Strange! Posted another reply, and it's disappeared!
It seems to be out of stock at all of the main outlets I use Maria. Perhpas discontinued, as I think it was a 'Limited Edition'.
BUT ! I've found one at King Kit, but they're in Shifnal, Shropshire, which is about 2 hours north of London and, I think, mail order only. You could contact them to see if collection is possible if your friend can get there. I presume yo do mean the 1/48th scale kit BTW?


----------



## Geedee (Jun 6, 2010)

Personally Maria, I wouldn't even buy a cup of tea in London !. OK, it might pretend to be a pretty cool place but the prices of stuff...anything !...are just 'pushed through the roof' just because its London !.

Nope, I can't stand the place actually, overpiced, over crowded and just about anything else you can put the word 'Over' in front of !.

I reckon you'd do a lot better by having a browse on the Internet or asking us UK locals to find stuff out for you. And I reckon you could save enough, even after postage, to get that all elusive thingy you are looking for, cheaper than in our Capital.

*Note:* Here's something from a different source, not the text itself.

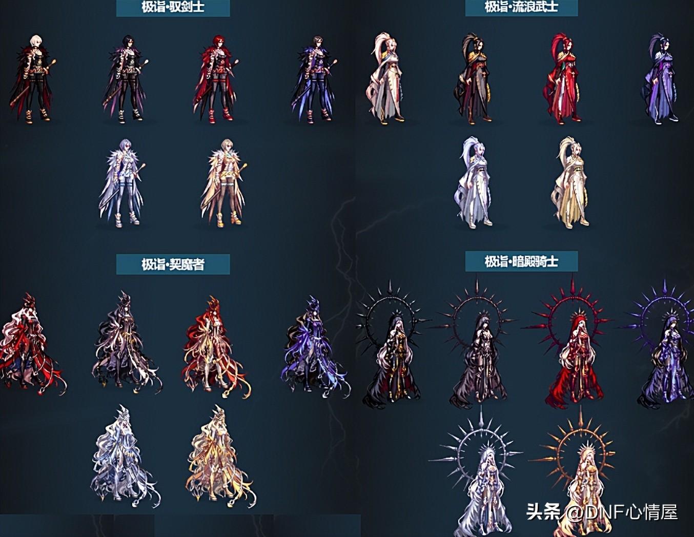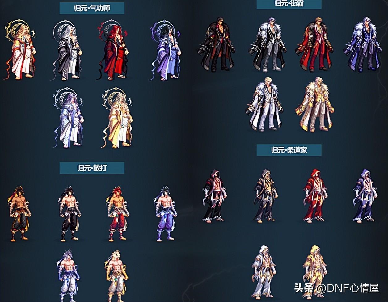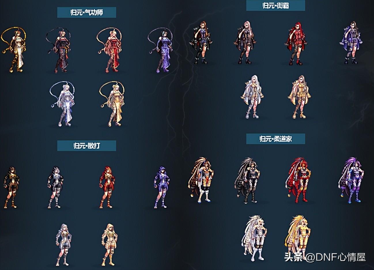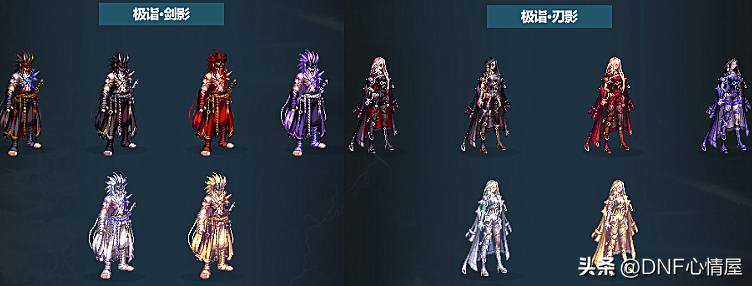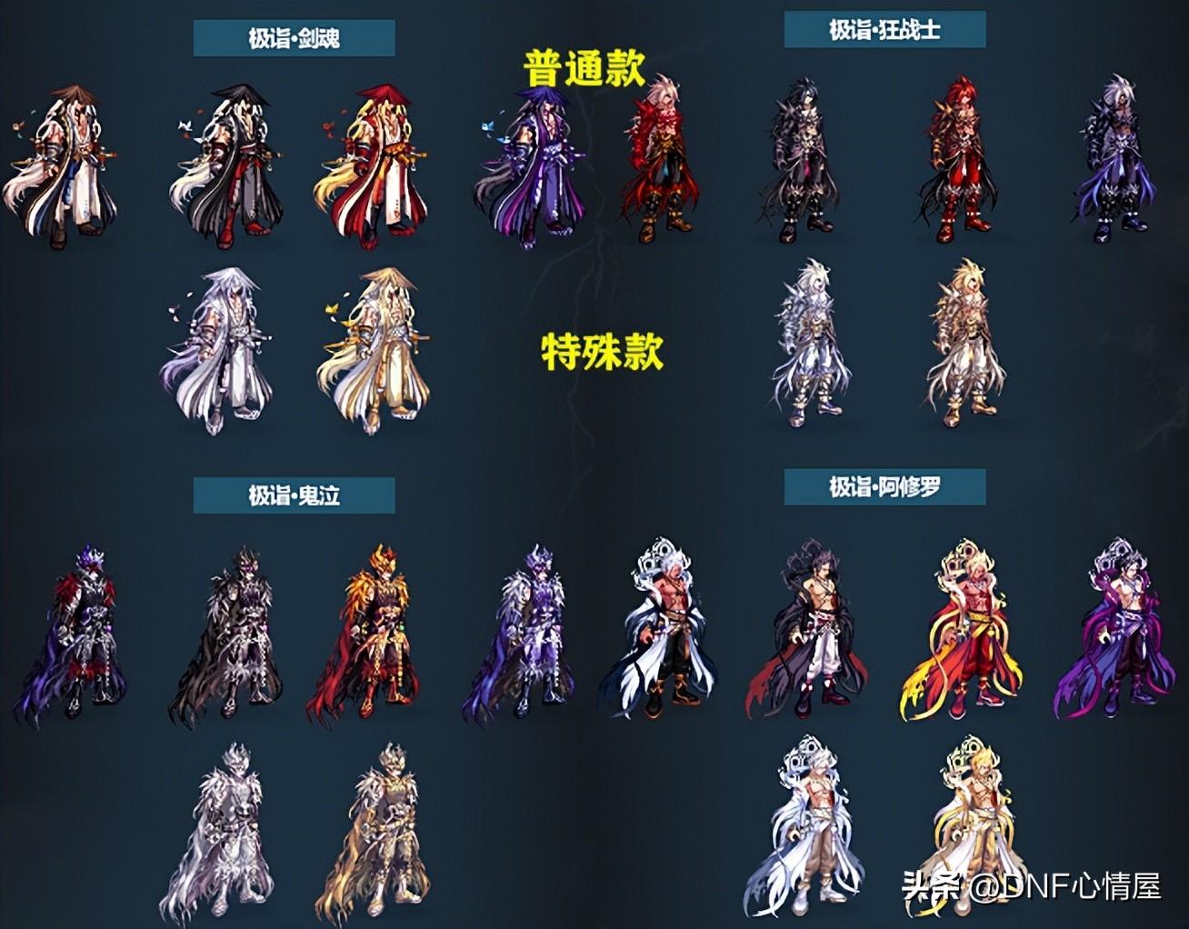 1、鬼剑士三觉装扮。 鬼剑士系列职业,一共包含10个角色,每个都有特定的三觉外观,除了4款普通的外,还有2款特殊类型。

C'mon guys...lets help a Lady out here....we all know now what kits she is looking for, lets give our local hobby shops a visit and see if we can't find the same kit at a fraction of the price compared to the London outlets.


----------



## Lucky13 (Jun 6, 2010)

I'll have a look in my local next time....looking for a P-47 for Wayne, as an swap for the P-40 that he sent me. Which, I completely forgot about! Sorry Wayne!


----------



## B-17engineer (Jun 6, 2010)

I would....if I knew it wasn't over priced as well....


----------



## BikerBabe (Jun 6, 2010)

Hi guys and thanks, it's awfully sweet of you all.   

It's perfectly okay if whatever shop you guys might find is located outside of London (- which is a city I happen to love, even though it's overpriced - y'know: Women and shopping?  )
I've found out that my MasterCard is good for internet shopping (- o! My finances!  ), so I can order online if the kit in question is available within the EU.
The reason why I asked about London, was that I thought that it would be cool if my buddy could just go pick up the kit for me and then bring it back home.

The reason why it has to be an online shop within the EU, is that any goods that gets shipped from the US is hugely overtaxed here in Denmark, if it gets caught at customs control - and I might end up having to pay almost twice the price of the kit to get it from the post office if that happens.
And so I would much prefer to order the kit from Europe, if it's available here. 

Thanks again guys, I'm googling and checking your links and all. *deep curts...curt...bow* 

Cheers,

Maria.


----------